The optimize tool also takes account of your reference data, and any changes to it, but it also looks at changes to tie points (i.e. from edits to the sparse cloud including gradual selection/deletion) and also treats markers (with or without coordinates) as valid tie points and uses this info to re-estimate the position of cameras relative to each other, and within the coordinate system, and their interior orientation parameters (depending on which you enable when prompted). If you modify your camera calibration groups then you will also see different results after using optimize. Any changes resulting from this optimization mean that the dense cloud and mesh etc are now obsolete and need to be regenerated from the newly optimized sparse cloud. Edits to the sparse cloud which reduce the number of tie points in any image below a certain threshold (i'm not sure what it is) mean that it's position can no longer be estimated and so it will be reset (no longer aligned).

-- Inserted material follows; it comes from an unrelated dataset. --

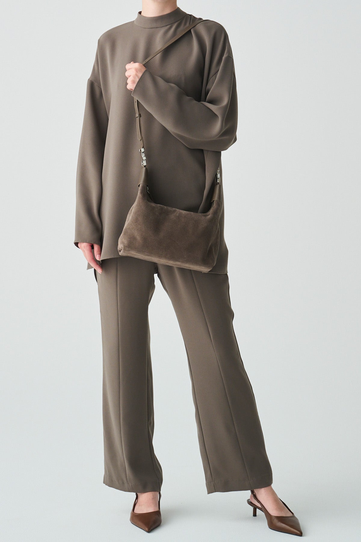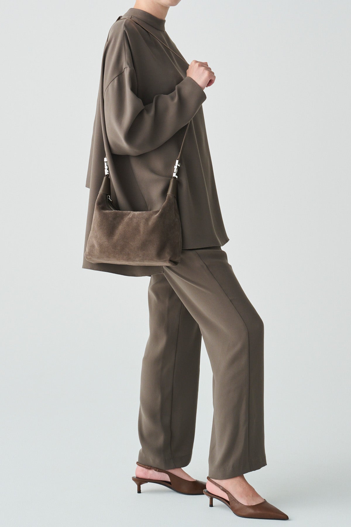 滑らかなスウェード素材が上品な表情を見せるバッグ

Just hitting optimize alone will have very little effect (some small effect due to stochastic nature of the algorithms, presumably?) unless:
  • You edit the sparse cloud
  • You add/move/remove any markers
  • You changed any GCP or camera coordinates
  • You change camera calibration groups/calibration model
  • You want to optimize additional lens distortion parameters

Hitting the update button will do nothing unless:
  • You add/move/remove any markers
  • You changed any GCP or camera coordinates

Note these lists are probably not exhaustive, and I have no inside knowledge so this is all based on experience and observation.

James

  • Hero Member
  • *****
  • Posts: 748
    • View Profile
Re: Georeferencing using GCPs: Optimize -vs- Update tool
« Reply #3 on: November 28, 2017, 02:29:17 PM »
...continued

So if you align your images with GCPs from the start, and do not need to change any coordinates, and are happy with the sparse cloud and error values, then you don't really need to optimize/update anything.

If you align your images with GCPs from the start, and notice some GCPs are misplaced or have incorrect coordinates then you would probably want to correct that and then optimize.

If you align your images with or without GCPs and there is clearly something dodgy in the sparse cloud then you would want to clean up the sparse cloud and then optimize.

If you align your images without GCPs and it looks fine, then add GCPs then you would hit update and inspect the error values.

If they are all acceptable then you probably don't need to do anything.

If they are not acceptable you might find that you entered one incorrectly, in which case you would correct it and hit update again. Then inspect the error values and if they are now acceptable then nothing more to do.

If they are still not as good as you think they should be then you can assign an accuracy value to each and hit optimize and it will try to re-estimate everything with this additional information. If it turns out that you did still enter the coordinates incorrectly then the 'optimized' alignment may be worse than it was before.

If it was not acceptable and you didn't enter anything incorrectly then you may have misplaced a marker in one or more images, in which case you need to correct this and hit optimize.

If you really made no mistakes with markers, and your images are ok, then photoscan has mismatched something and you need to find the error in the sparse cloud and delete those points before trying optimize again.

When it still doesn't work then that's a whole other thread.

Jeremiah_ROWE

  • Guest
Re: Georeferencing using GCPs: Optimize -vs- Update tool
« Reply #4 on: November 28, 2017, 05:53:35 PM »
Thanks for your well thought response. Seems to align with my general way of thinking about it too.